# WHAT IS REQUIRED
Take the lines below from the one with "Kopā ar klavierītēm" through the one with "源自贵州茅台镇,经过制曲、下" and retype them exactly. Include nothing else, and no pictures.

---------- DATA LISTING

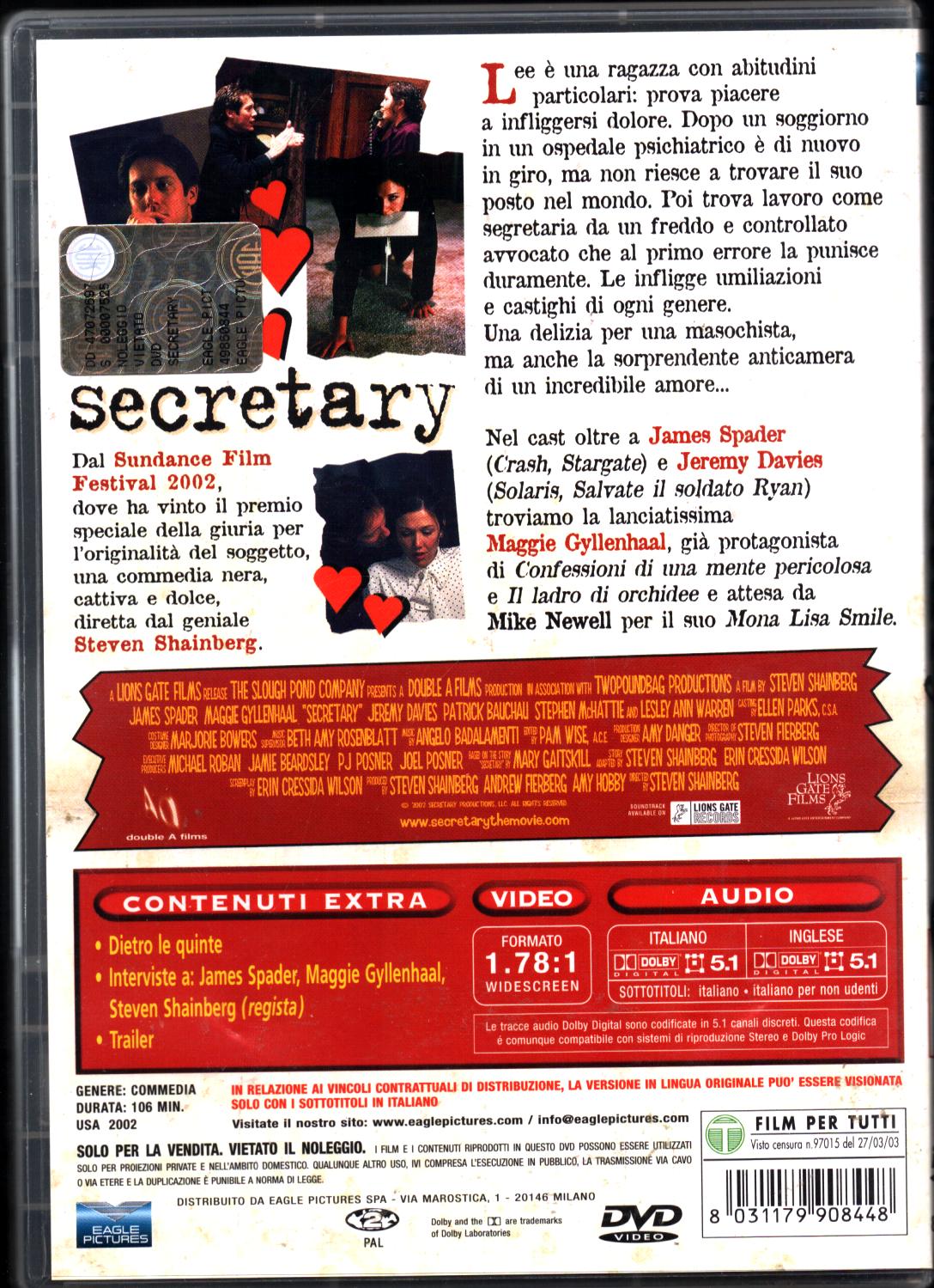 | Titolo: | Secretary DVD in Italiano James Spader |
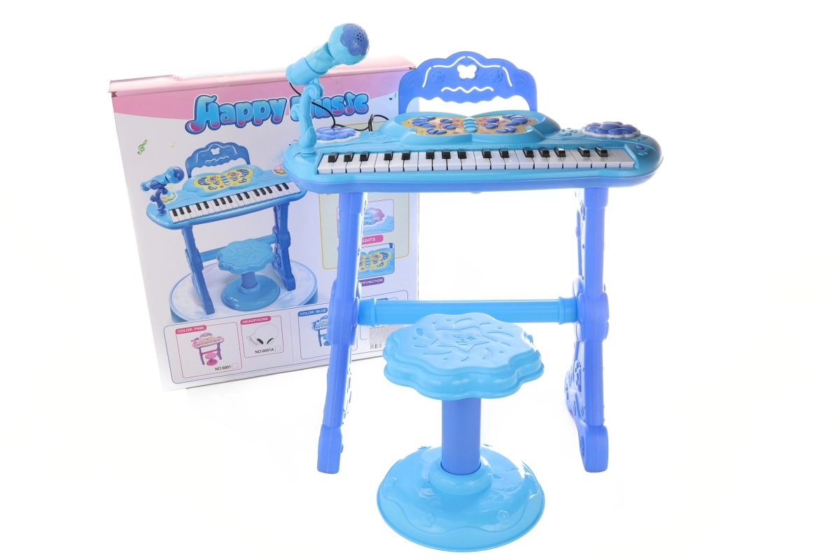 Kopā ar klavierītēm tiek piegādāts bērnu krēsliņš, lai bērni varētu ērti apsēsties un spēlēt.
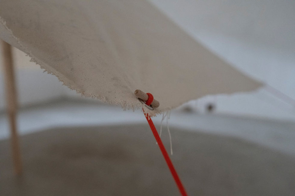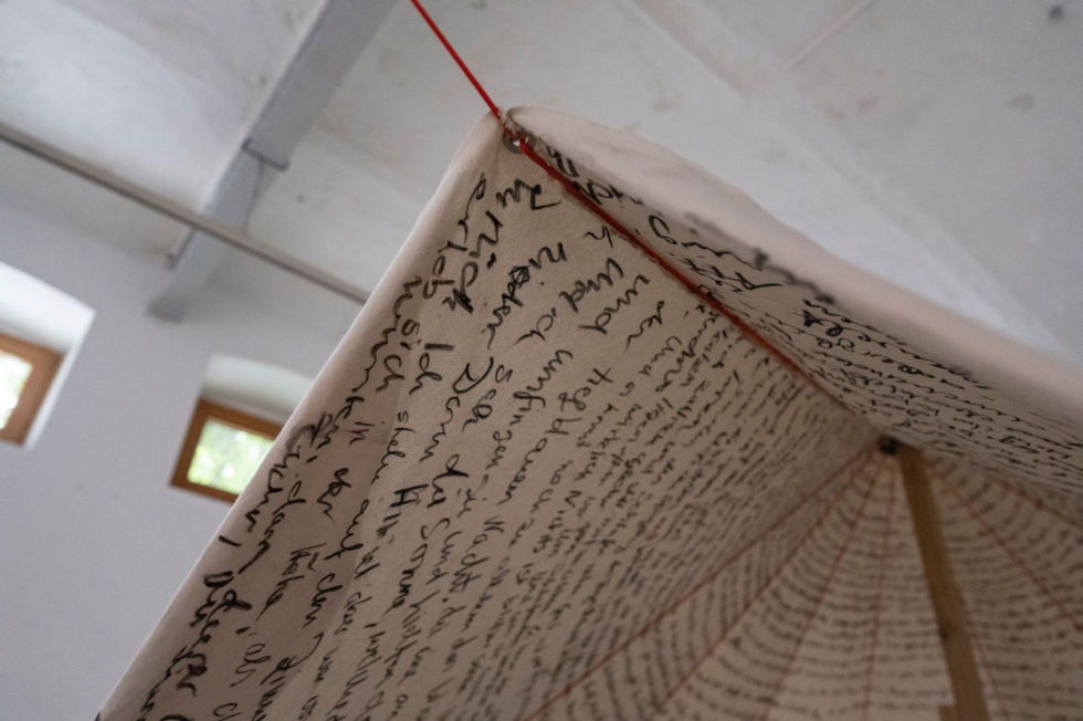 „Kubus der Konzentration“, Polpytychon bestehen aus sechs Leinwänden, 300×300×300 cm, von innen bemalt von außen beschrieben, Acryl, Fassadenfarbe und Kreide auf Leinwand, 2020, Ausstellungsansicht Spinnerei Leipzig
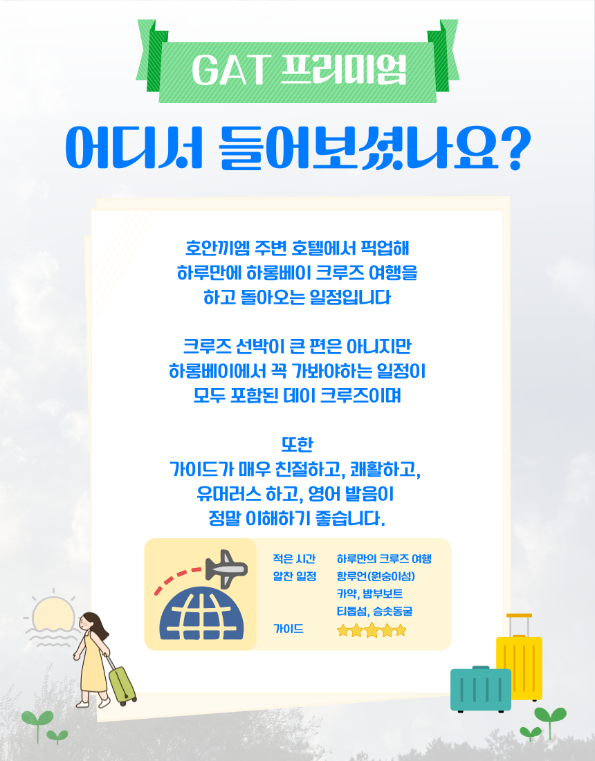 친절하고, 쾌활하며, 영어 발음이 뛰어남과 유머러스함까지 챙긴 가이드분과 함께 하고싶으신분들은 GAT 프리미엄 크루즈 추천드립니다!
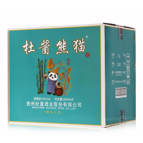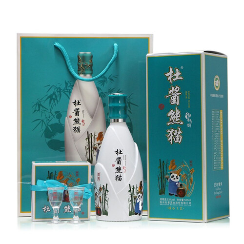 源自贵州茅台镇,经过制曲、下沙等多道工序制成,酒体丰满醇厚,酒香四溢。瓶身以熊猫、竹子图案点缀,清新可爱。
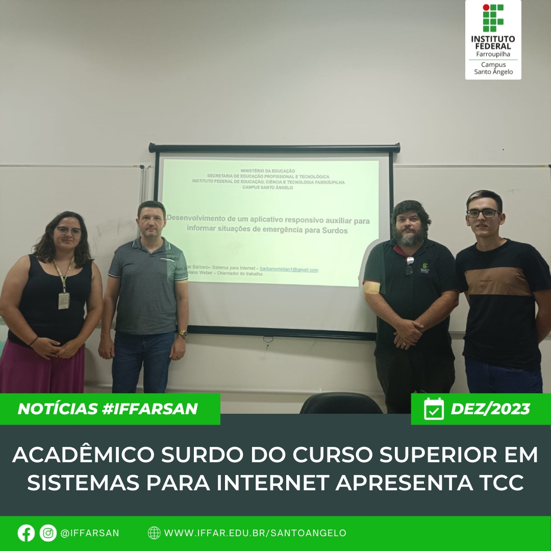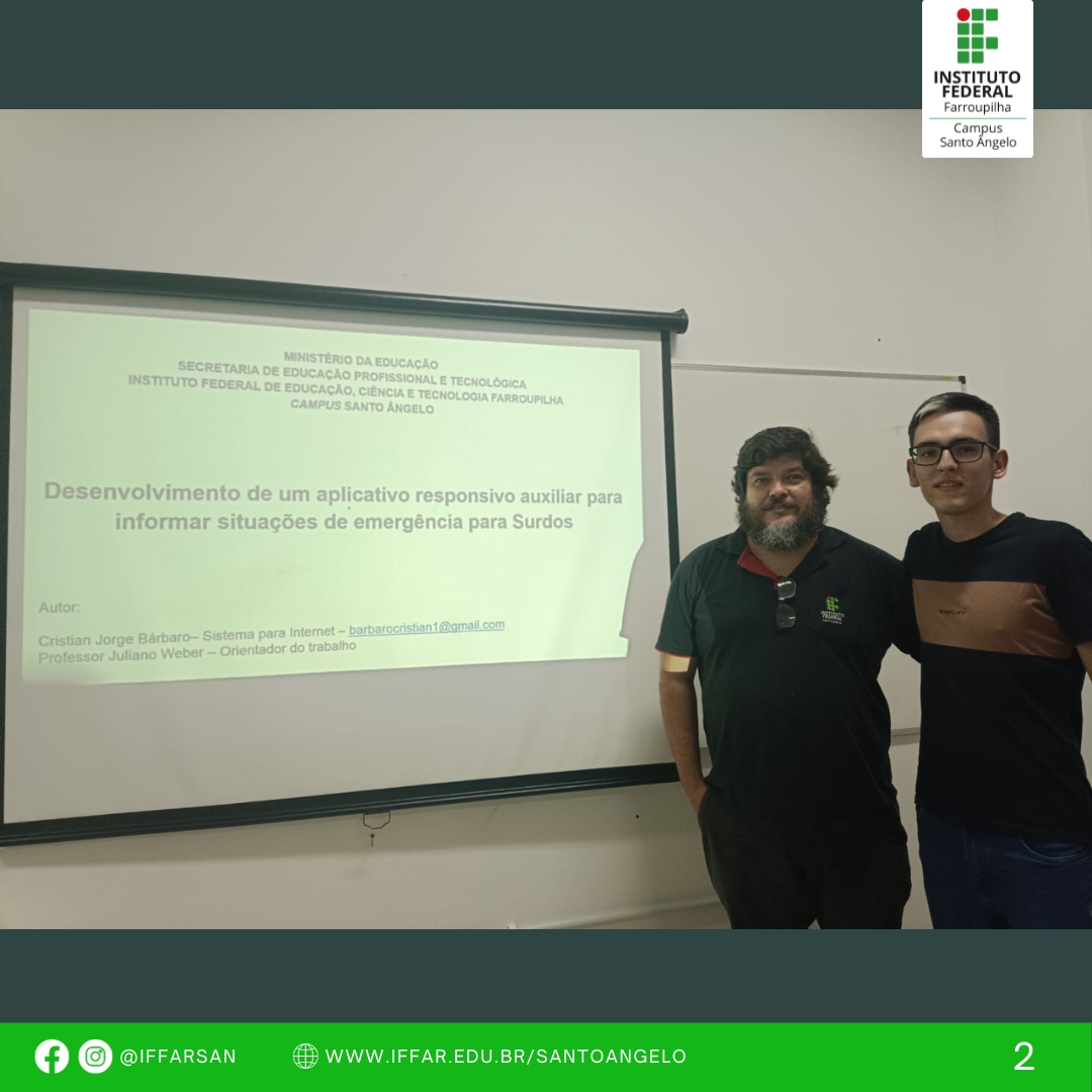 No dia 14 de dezembro, o acadêmico Cristian José Barbaro, apresentou seu trabalho de conclusão de curso, tendo como título Desenvolvimento de um aplicativo responsivo auxiliar para informar situações de emergência para Surdos, tendo como proposito desenvolver um aplicativo para melhorar a acessibilidade da comunidade surda, visando propiciar o acesso ao pedido de socorro para as pessoas Surdas em situações de emergência. O trabalho, contou com a orientação do professor Juliano Weber.

--------------------

# ANSWER SECTION
 Kopā ar klavierītēm tiek piegādāts bērnu krēsliņš, lai bērni varētu ērti apsēsties un spēlēt.
 „Kubus der Konzentration“, Polpytychon bestehen aus sechs Leinwänden, 300×300×300 cm, von innen bemalt von außen beschrieben, Acryl, Fassadenfarbe und Kreide auf Leinwand, 2020, Ausstellungsansicht Spinnerei Leipzig
 친절하고, 쾌활하며, 영어 발음이 뛰어남과 유머러스함까지 챙긴 가이드분과 함께 하고싶으신분들은 GAT 프리미엄 크루즈 추천드립니다!
 源自贵州茅台镇,经过制曲、下沙等多道工序制成,酒体丰满醇厚,酒香四溢。瓶身以熊猫、竹子图案点缀,清新可爱。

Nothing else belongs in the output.